Below is a listing. Quote from it, exactly, the lines from the one containing "ELLIRing Siegelring Mondstein" down to the one containing "本日は無償化連絡会・大阪が主催する学習会のご案内です!", both ends included, and nothing else.

* Dataset excerpts *

- - -

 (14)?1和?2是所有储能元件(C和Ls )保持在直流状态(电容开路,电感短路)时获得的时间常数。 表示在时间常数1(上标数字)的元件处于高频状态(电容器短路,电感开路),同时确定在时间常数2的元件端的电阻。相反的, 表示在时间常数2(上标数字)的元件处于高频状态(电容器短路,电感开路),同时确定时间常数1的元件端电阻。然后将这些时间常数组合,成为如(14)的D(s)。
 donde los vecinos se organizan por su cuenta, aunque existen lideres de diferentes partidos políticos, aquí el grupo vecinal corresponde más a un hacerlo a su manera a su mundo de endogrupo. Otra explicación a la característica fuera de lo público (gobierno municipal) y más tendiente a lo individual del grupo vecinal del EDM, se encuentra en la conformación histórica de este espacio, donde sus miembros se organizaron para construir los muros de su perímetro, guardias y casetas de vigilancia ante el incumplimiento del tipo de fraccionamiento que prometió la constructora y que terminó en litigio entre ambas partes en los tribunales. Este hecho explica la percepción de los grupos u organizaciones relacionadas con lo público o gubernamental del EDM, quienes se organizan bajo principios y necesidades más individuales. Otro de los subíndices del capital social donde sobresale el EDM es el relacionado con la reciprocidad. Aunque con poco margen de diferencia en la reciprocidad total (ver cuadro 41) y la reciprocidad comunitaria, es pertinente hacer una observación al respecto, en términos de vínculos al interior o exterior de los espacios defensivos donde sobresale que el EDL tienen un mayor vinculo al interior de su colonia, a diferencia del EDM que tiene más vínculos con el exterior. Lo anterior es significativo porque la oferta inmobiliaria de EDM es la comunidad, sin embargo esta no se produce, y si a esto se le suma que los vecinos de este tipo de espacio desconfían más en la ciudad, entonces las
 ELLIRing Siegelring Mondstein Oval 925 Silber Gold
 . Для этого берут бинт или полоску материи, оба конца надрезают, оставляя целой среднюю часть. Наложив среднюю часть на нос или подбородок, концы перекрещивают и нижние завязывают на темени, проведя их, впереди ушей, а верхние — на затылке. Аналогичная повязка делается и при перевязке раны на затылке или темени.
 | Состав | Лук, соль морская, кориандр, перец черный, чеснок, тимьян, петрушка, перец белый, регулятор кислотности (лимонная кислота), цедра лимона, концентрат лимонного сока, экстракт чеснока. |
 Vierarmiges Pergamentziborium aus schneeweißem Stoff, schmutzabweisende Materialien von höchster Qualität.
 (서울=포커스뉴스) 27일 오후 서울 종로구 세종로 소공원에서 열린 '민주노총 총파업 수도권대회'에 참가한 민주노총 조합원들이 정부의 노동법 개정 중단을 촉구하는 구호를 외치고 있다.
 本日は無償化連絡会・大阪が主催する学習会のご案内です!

- - -

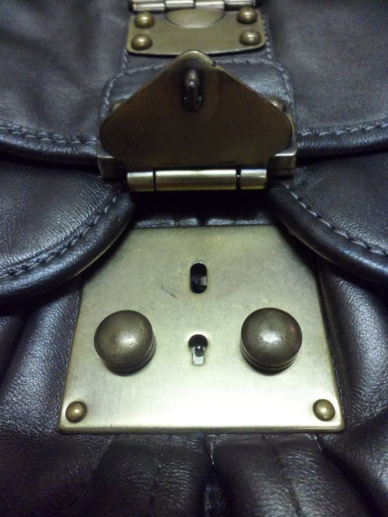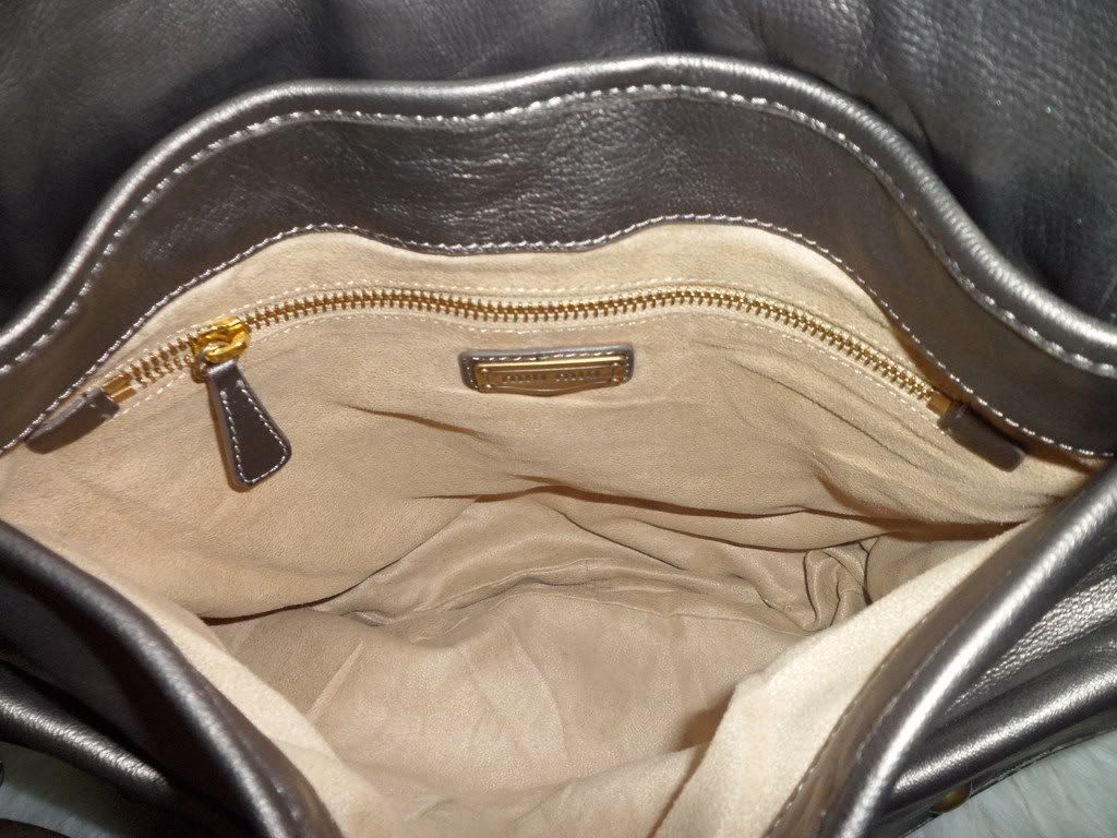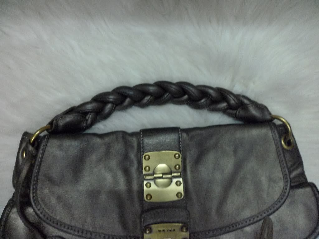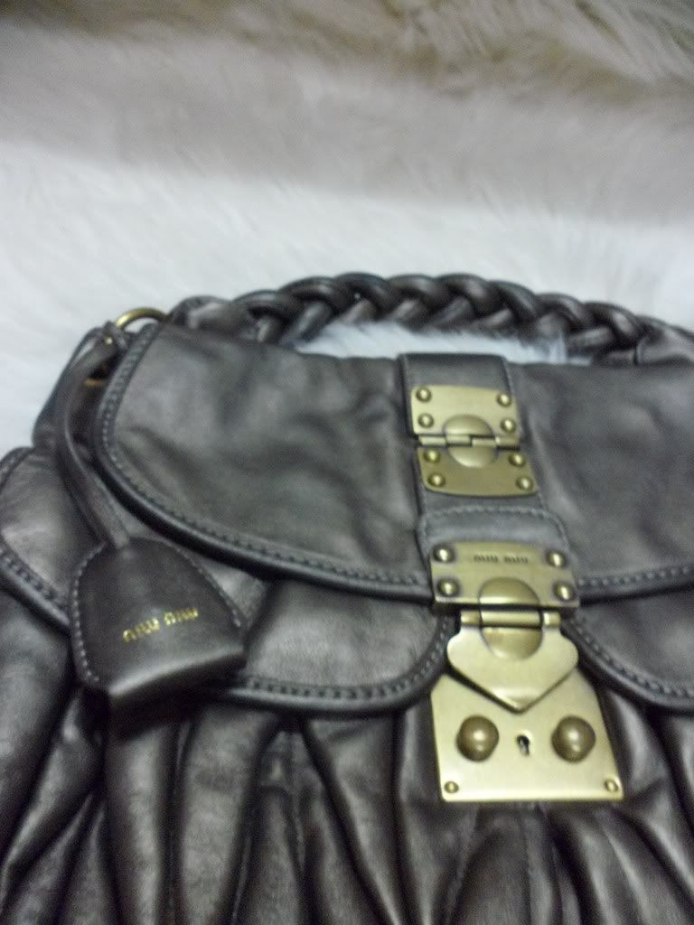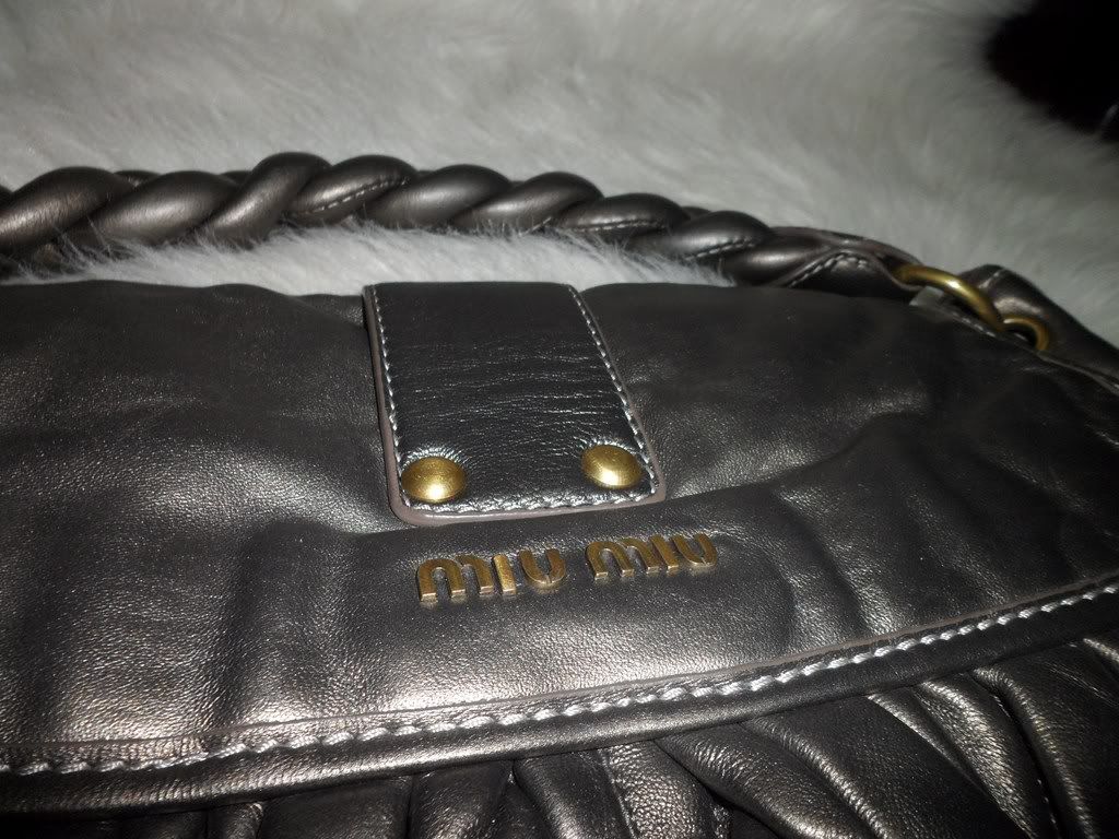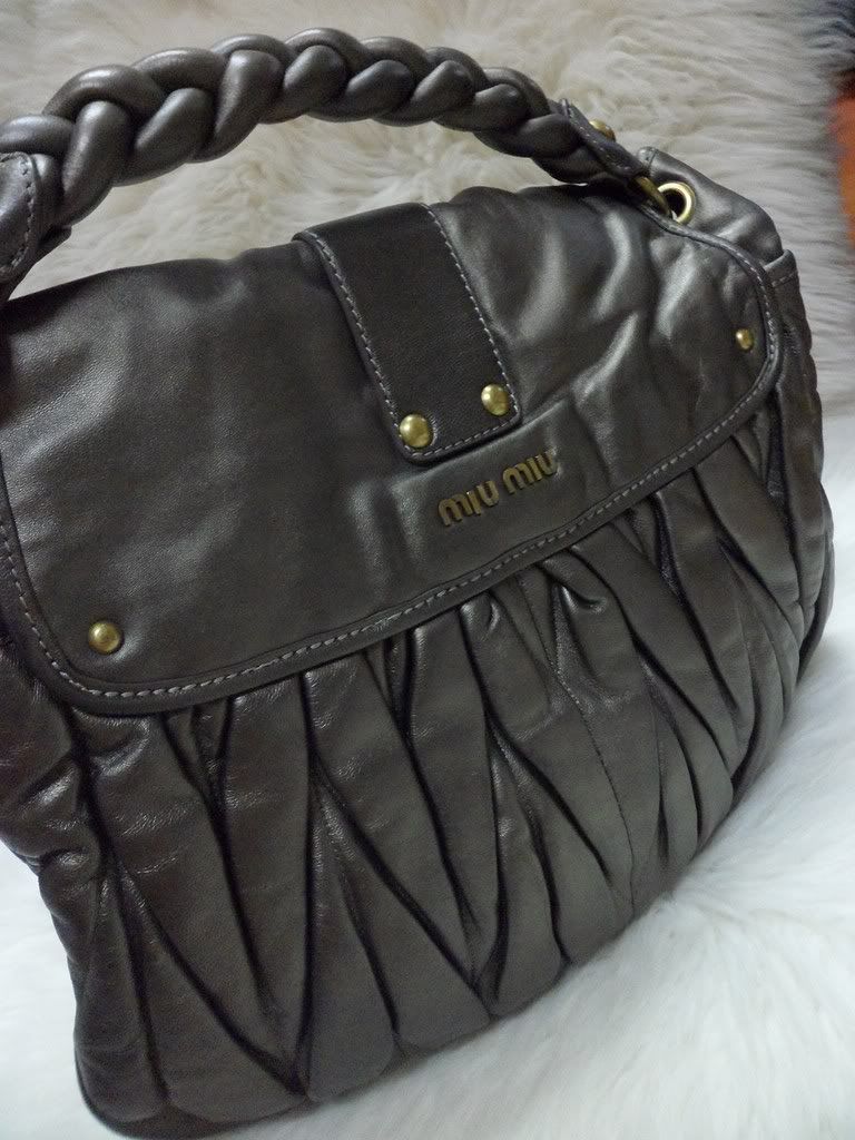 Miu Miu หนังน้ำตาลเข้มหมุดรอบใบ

- - -

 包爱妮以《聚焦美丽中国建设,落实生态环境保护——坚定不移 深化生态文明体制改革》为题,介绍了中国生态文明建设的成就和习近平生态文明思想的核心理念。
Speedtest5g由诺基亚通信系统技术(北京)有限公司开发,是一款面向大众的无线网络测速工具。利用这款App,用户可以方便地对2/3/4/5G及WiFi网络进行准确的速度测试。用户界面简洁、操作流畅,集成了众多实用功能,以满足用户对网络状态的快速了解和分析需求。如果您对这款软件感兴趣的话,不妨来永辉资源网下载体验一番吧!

- - -

* Finished task *
 ELLIRing Siegelring Mondstein Oval 925 Silber Gold
 . Для этого берут бинт или полоску материи, оба конца надрезают, оставляя целой среднюю часть. Наложив среднюю часть на нос или подбородок, концы перекрещивают и нижние завязывают на темени, проведя их, впереди ушей, а верхние — на затылке. Аналогичная повязка делается и при перевязке раны на затылке или темени.
 | Состав | Лук, соль морская, кориандр, перец черный, чеснок, тимьян, петрушка, перец белый, регулятор кислотности (лимонная кислота), цедра лимона, концентрат лимонного сока, экстракт чеснока. |
 Vierarmiges Pergamentziborium aus schneeweißem Stoff, schmutzabweisende Materialien von höchster Qualität.
 (서울=포커스뉴스) 27일 오후 서울 종로구 세종로 소공원에서 열린 '민주노총 총파업 수도권대회'에 참가한 민주노총 조합원들이 정부의 노동법 개정 중단을 촉구하는 구호를 외치고 있다.
 本日は無償化連絡会・大阪が主催する学習会のご案内です!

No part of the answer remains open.